— EXERCISE REQUIREMENTS —
The entries below should be quoted exactly, with no pictures carried over.

Saved entries
== Segment start ==

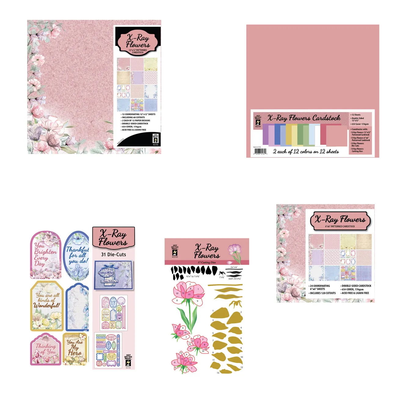 Cardstock is a good weight and colored on both sides. 12x12 printed papers are great for any project; 6x6 size is same design in a smaller format. Dies are great for using with vellum! Cutouts are beautiful and convenient when you're in a hurry. Be sure to watch Pauline's video... well worth.
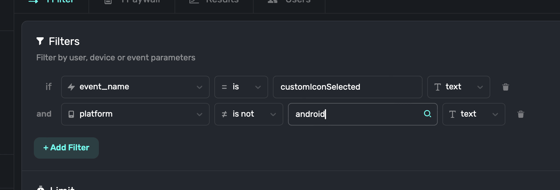 You can combine rules together, too. In the following example, if we only wanted the paywall to show on iOS, and not Android, you can simply click "+Add Filter" once more, and add the condition:
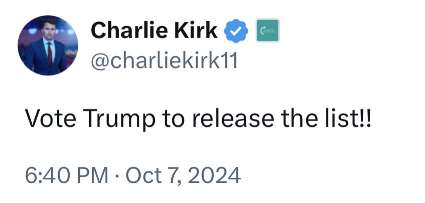 Fugly MAGA influencer Charlie Kirk said that Trump called him this weekend and asked him to stop talking about Epstein.
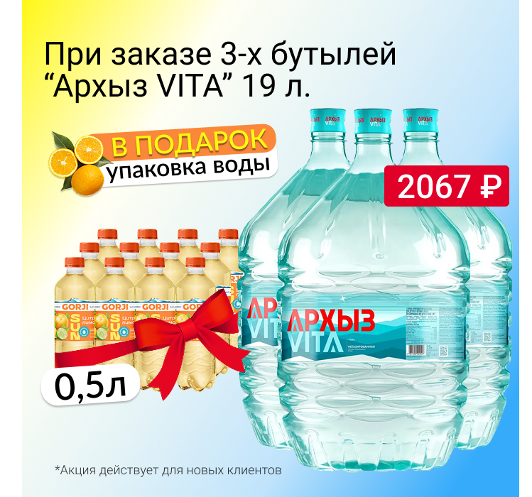 - 3 бутыли «Архыз VITA» 19 литров (в одноразовой таре).
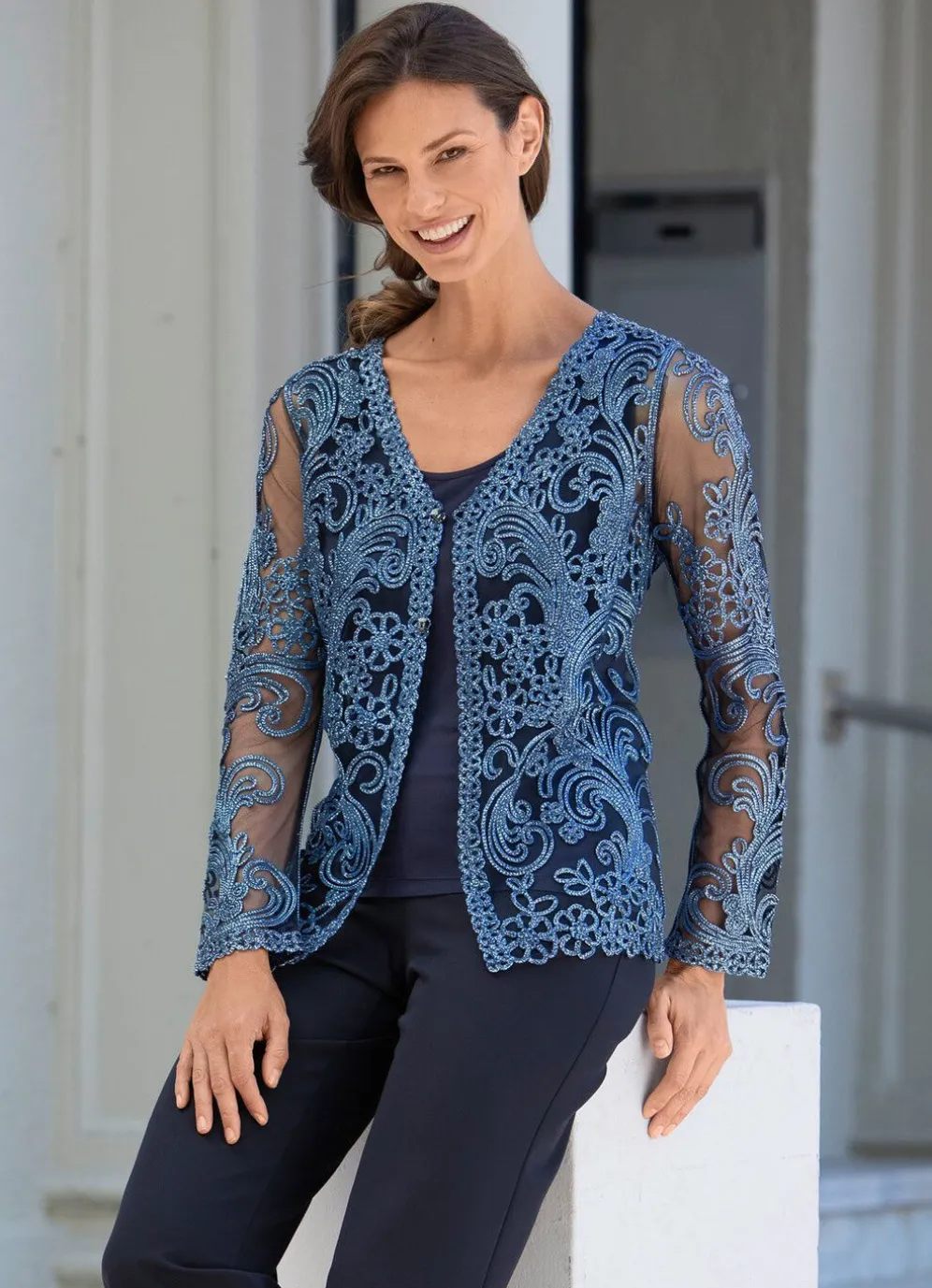 Blusenjacke mit Glanzgarn-Applikation
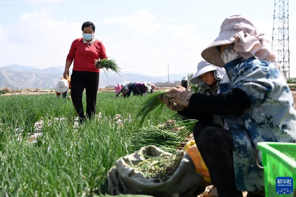 9月21日,在榆中祥龙蔬菜产销专业合作社种植基地,豆俊兰查看小葱长势。新华社记者 范培珅 摄
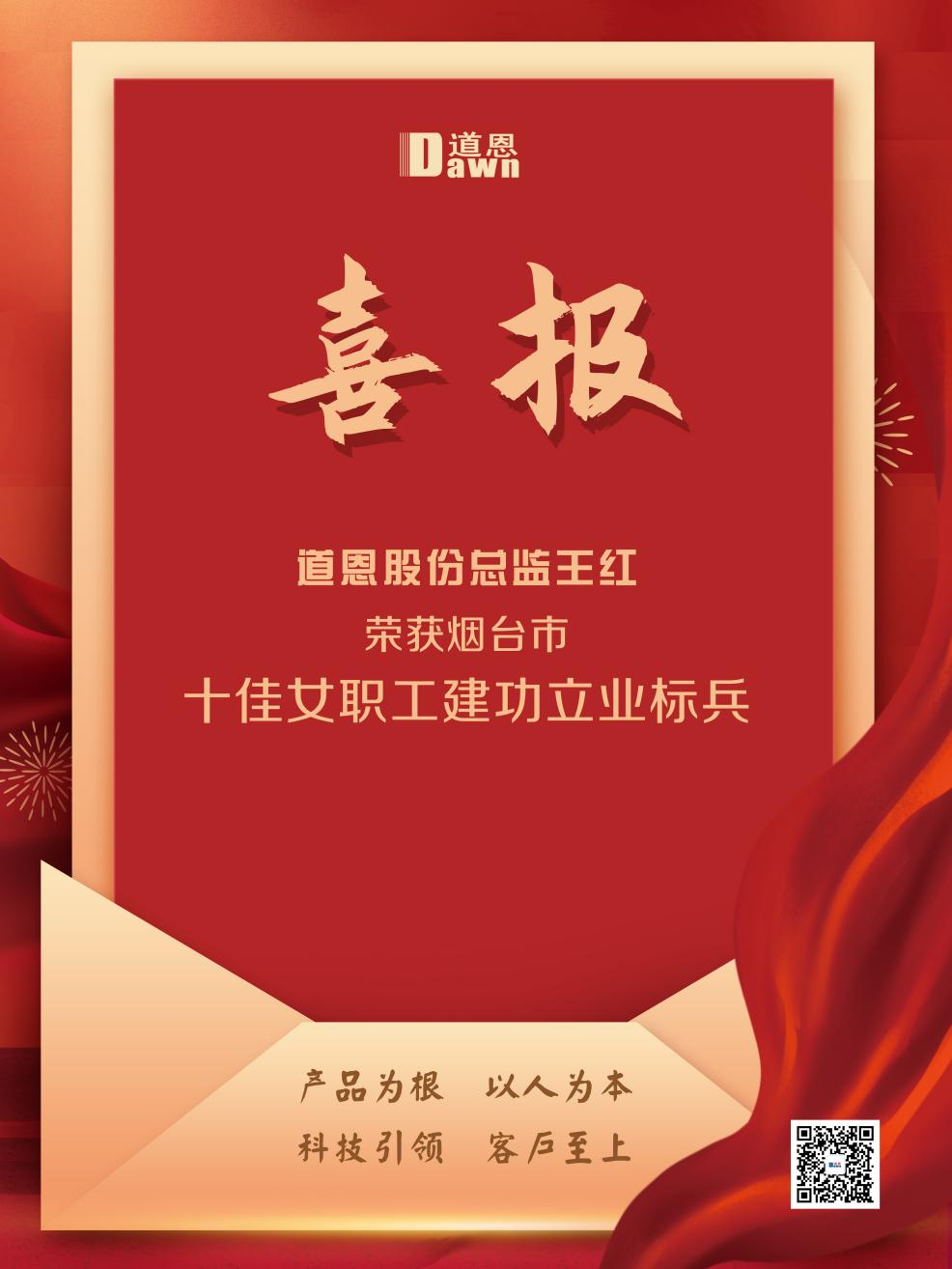“被評為‘煙臺市十佳女職工建功立業(yè)標兵’榮譽稱號,我倍受鼓舞、倍感光榮、倍增動力。”在3月6日召開的煙臺市總工會第五屆女職工委員會第四次全體會議暨先進女職工事跡報告會上,道恩股份研發(fā)總監(jiān)王紅作為獲獎?wù)叽磉M行交流發(fā)言。這是繼2019年榮獲“煙臺市女職工建功立業(yè)標兵”之后,王紅再獲新的殊榮。

== Segment end ==

— WRITTEN ANSWER —
 Cardstock is a good weight and colored on both sides. 12x12 printed papers are great for any project; 6x6 size is same design in a smaller format. Dies are great for using with vellum! Cutouts are beautiful and convenient when you're in a hurry. Be sure to watch Pauline's video... well worth.
 You can combine rules together, too. In the following example, if we only wanted the paywall to show on iOS, and not Android, you can simply click "+Add Filter" once more, and add the condition:
 Fugly MAGA influencer Charlie Kirk said that Trump called him this weekend and asked him to stop talking about Epstein.
 - 3 бутыли «Архыз VITA» 19 литров (в одноразовой таре).
 Blusenjacke mit Glanzgarn-Applikation
 9月21日,在榆中祥龙蔬菜产销专业合作社种植基地,豆俊兰查看小葱长势。新华社记者 范培珅 摄
“被評為‘煙臺市十佳女職工建功立業(yè)標兵’榮譽稱號,我倍受鼓舞、倍感光榮、倍增動力。”在3月6日召開的煙臺市總工會第五屆女職工委員會第四次全體會議暨先進女職工事跡報告會上,道恩股份研發(fā)總監(jiān)王紅作為獲獎?wù)叽磉M行交流發(fā)言。這是繼2019年榮獲“煙臺市女職工建功立業(yè)標兵”之后,王紅再獲新的殊榮。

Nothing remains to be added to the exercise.